> **INPUT**
========================================
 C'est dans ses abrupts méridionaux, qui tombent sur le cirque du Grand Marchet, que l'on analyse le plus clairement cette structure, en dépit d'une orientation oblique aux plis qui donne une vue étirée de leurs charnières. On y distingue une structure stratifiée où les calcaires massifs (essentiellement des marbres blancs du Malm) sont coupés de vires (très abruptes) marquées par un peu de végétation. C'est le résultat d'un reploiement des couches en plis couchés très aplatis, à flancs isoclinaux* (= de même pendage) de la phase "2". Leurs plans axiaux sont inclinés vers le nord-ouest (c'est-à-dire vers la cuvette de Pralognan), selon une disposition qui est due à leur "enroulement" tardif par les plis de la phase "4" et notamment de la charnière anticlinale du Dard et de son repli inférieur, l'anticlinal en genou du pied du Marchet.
========================================
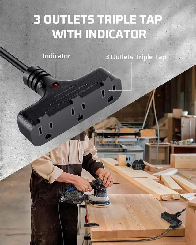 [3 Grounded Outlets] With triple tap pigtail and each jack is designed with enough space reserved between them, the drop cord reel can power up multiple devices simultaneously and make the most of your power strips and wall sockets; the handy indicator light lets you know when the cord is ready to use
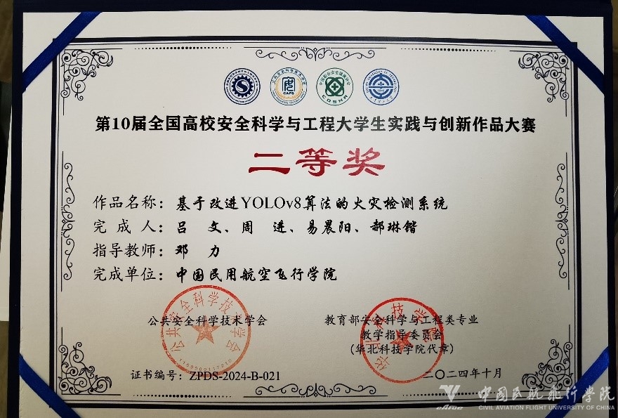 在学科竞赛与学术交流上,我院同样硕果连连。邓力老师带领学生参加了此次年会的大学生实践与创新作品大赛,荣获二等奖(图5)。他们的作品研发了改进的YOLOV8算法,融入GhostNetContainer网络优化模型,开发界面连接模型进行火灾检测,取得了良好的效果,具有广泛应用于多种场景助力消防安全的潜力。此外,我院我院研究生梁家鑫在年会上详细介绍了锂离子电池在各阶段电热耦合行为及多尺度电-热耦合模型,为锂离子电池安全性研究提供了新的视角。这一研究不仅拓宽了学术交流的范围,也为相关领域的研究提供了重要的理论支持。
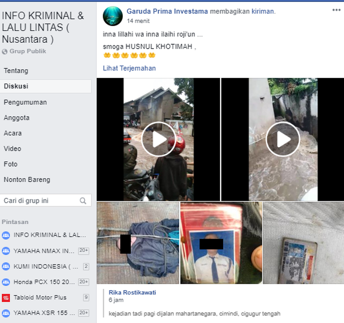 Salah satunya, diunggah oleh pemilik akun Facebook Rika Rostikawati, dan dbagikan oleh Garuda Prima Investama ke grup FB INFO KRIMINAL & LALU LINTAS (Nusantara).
========================================
> **GOAL OF THE EXERCISE**
Without the pictures, give again exactly the lines above starting at the line containing "[3 Grounded Outlets]" and ending at the line containing "Salah satunya, diunggah".

> **SOLUTION**
 [3 Grounded Outlets] With triple tap pigtail and each jack is designed with enough space reserved between them, the drop cord reel can power up multiple devices simultaneously and make the most of your power strips and wall sockets; the handy indicator light lets you know when the cord is ready to use
 在学科竞赛与学术交流上,我院同样硕果连连。邓力老师带领学生参加了此次年会的大学生实践与创新作品大赛,荣获二等奖(图5)。他们的作品研发了改进的YOLOV8算法,融入GhostNetContainer网络优化模型,开发界面连接模型进行火灾检测,取得了良好的效果,具有广泛应用于多种场景助力消防安全的潜力。此外,我院我院研究生梁家鑫在年会上详细介绍了锂离子电池在各阶段电热耦合行为及多尺度电-热耦合模型,为锂离子电池安全性研究提供了新的视角。这一研究不仅拓宽了学术交流的范围,也为相关领域的研究提供了重要的理论支持。
 Salah satunya, diunggah oleh pemilik akun Facebook Rika Rostikawati, dan dbagikan oleh Garuda Prima Investama ke grup FB INFO KRIMINAL & LALU LINTAS (Nusantara).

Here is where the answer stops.